An audit involves performing procedures to obtain audit evidence about
the amounts and disclosures in the financial statements. The procedures
selected depend on the auditor's judgment, including the assessment
of risks of material misstatement in the financial statements, whether
due to fraud or error. In making those risk assessments, the auditor
considers internal control relevant to the Company's preparation and
fair presentation of the financial statements in order to design audit
procedures that are appropriate in the circumstances but not for the
purpose of expressing an opinion on the effectiveness of the entity's
internal control.
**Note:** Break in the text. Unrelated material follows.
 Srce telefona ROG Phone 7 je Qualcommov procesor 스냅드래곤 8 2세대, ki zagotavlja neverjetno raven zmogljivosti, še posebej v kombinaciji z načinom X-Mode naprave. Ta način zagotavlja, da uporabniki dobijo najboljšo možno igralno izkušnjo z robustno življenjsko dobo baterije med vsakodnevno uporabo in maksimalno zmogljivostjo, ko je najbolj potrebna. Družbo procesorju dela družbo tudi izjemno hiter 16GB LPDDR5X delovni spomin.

An audit also includes evaluating the appropriateness
of accounting policies used and the reasonableness of the accounting
estimates made by management, as well as evaluating the overall
presentation of the financial statements.
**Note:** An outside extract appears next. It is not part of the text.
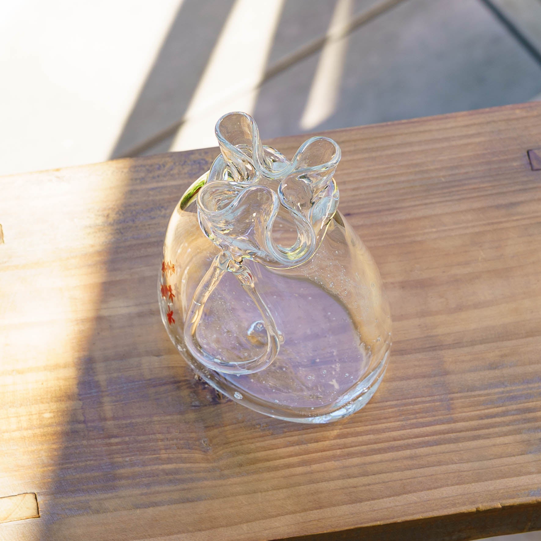 ひとつひとつ吹きガラスで制作された、愛らしい一輪挿し。ころんとしたフォルムの巾着がどこかユニークで、置いてあるだけで癒される可愛らしさです。透明感のあるガラスに光が差し込むと、やわらかく輝き空間に明るさを添えてくれます。

We believe that the audit evidence we have obtained is sufficient and
appropriate to provide a basis for our audit opinion.
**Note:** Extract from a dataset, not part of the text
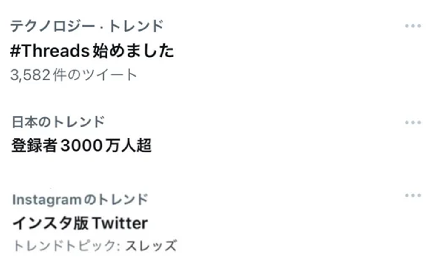 「Threads」は、「インスタ版のTwitter」とも称されるほど、機能的に類似しています。 現在はローンチ直後のため、様々な属性のユーザーが集まっていますが、1〜2週間経つ頃にはユーザーの棲み分けが自然と形成されることが予想されています。

Basis for Qualified Opinion:
As more explained in note no. 4, no provision has been made in respect
of differential liability of Rs. 339.69 Lacs due to secured lender viz.
Bank of Baroda.
Qualified Opinion:
In our opinion and to the best of our information and according to the
explanations given to us, except for the effects of the matters
described in the Basis for Qualified Opinion paragraph, the financial
statements give the information required by the Act in the manner so
required and give a true and fair view in conformity with the
accounting principles generally accepted in India:
i. in the case of the Balance Sheet, of the state of affairs of the
Company as at 31st March, 2014;
ii. in the case of the Statement of Profit and Loss, of the loss for
the year ended on that date; and
iii. in the case of the Cash Flow Statement, of the cash flows for the
year ended on that date.
Emphasis of Matter:
We draw attention to:
a) note no. 17 re: Company's net worth being fully eroded due to
accumulated losses, with corresponding effects in the loss for the year
and period end net assets to the extent indicated therein and despite
continued default in re-payment of significant re-called and overdue
loans etc., the accounts have been prepared on 'going concern'
basis as followed hitherto. In view of acquisition of manufacturing
facilities under Securitisation Act and disposal thereof by secured
lenders and in the absence of any other business activity, the
Company's ability to continue as 'going concern' is subject to
and dependent upon future plans of the Company and
b) note no. 18 re: Balances under Current Liabilities and Current
Assets being subject to confirmation and reconciliation, if any
Our opinion is not qualified in respect of these matters.
Report on Other Legal and Regulatory Requirements:
1. As required by the Companies (Auditor's Report) (Amendment) Order,
2004 (the "Order"), as amended, issued by the Central Government of
India in terms of sub-section (4A) of section 227 of the Act, and on
the basis of such checks of the books and records of the Company as we
considered appropriate and according to the information and
explanations given to us, we give in the Annexure a statement on the
matters specified in par agraphs 4 and 5 of the Order.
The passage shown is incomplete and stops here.